Work item — Look through the records below for the line with "Izdaje se dvosoban" and the line with "Colorful Dog Print", then return those lines and all lines between, exactly.

Input data —
· · · · ·
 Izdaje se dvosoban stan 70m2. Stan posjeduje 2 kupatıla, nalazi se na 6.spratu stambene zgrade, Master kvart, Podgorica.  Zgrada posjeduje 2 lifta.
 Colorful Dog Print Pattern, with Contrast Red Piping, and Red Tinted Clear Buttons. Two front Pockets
· · · · ·
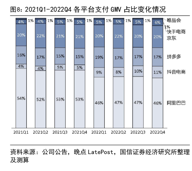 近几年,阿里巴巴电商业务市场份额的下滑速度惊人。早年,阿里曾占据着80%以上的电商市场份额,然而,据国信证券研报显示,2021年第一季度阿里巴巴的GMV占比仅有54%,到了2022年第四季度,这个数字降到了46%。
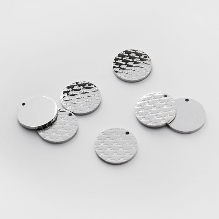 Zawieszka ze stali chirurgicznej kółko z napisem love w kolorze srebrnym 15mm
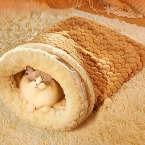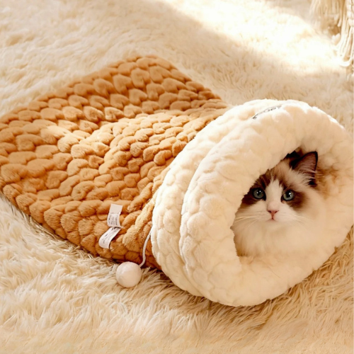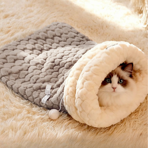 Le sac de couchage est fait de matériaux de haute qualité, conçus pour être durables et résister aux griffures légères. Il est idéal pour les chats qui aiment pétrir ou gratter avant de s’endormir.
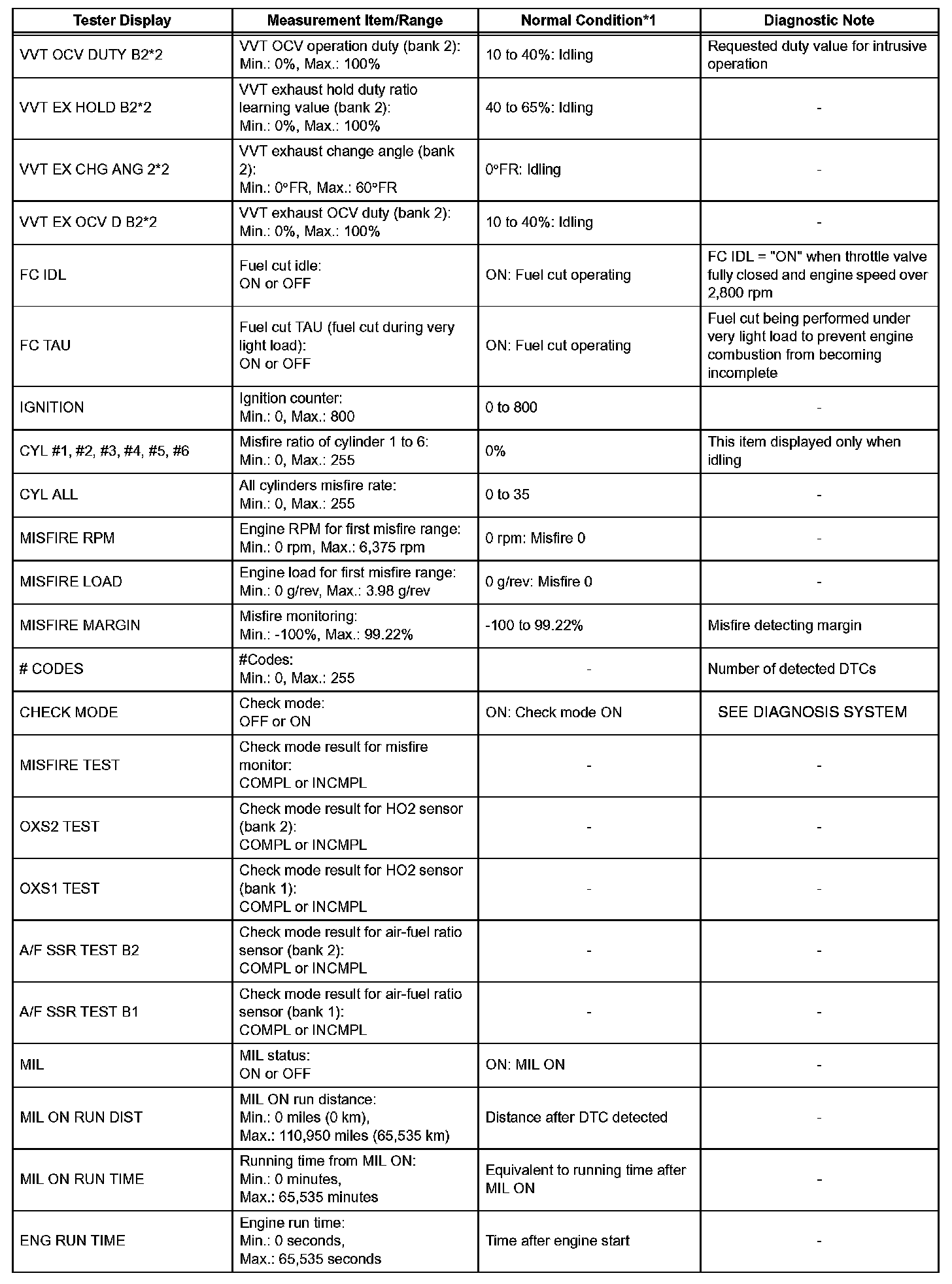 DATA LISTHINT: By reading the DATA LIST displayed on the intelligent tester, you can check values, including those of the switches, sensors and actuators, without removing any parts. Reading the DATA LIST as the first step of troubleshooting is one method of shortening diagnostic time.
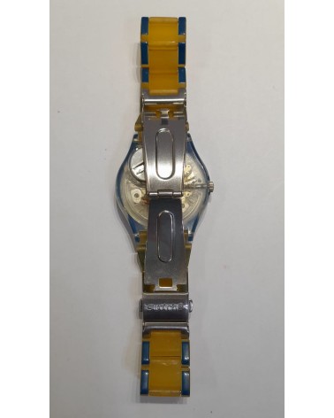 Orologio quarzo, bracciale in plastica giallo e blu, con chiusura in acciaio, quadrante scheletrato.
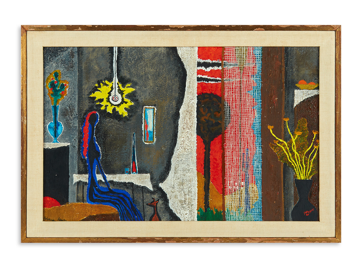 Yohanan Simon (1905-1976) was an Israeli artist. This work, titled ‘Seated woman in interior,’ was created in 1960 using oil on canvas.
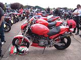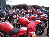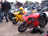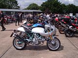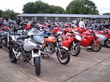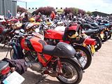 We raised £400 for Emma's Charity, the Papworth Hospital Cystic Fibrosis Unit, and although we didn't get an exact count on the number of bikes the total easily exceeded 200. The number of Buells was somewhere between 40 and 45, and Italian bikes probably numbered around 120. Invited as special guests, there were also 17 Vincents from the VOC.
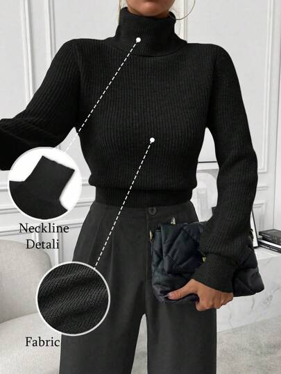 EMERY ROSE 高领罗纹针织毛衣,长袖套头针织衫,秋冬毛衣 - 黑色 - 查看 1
· · · · ·
Solution to the exercise —
 Izdaje se dvosoban stan 70m2. Stan posjeduje 2 kupatıla, nalazi se na 6.spratu stambene zgrade, Master kvart, Podgorica.  Zgrada posjeduje 2 lifta.
 Colorful Dog Print Pattern, with Contrast Red Piping, and Red Tinted Clear Buttons. Two front Pockets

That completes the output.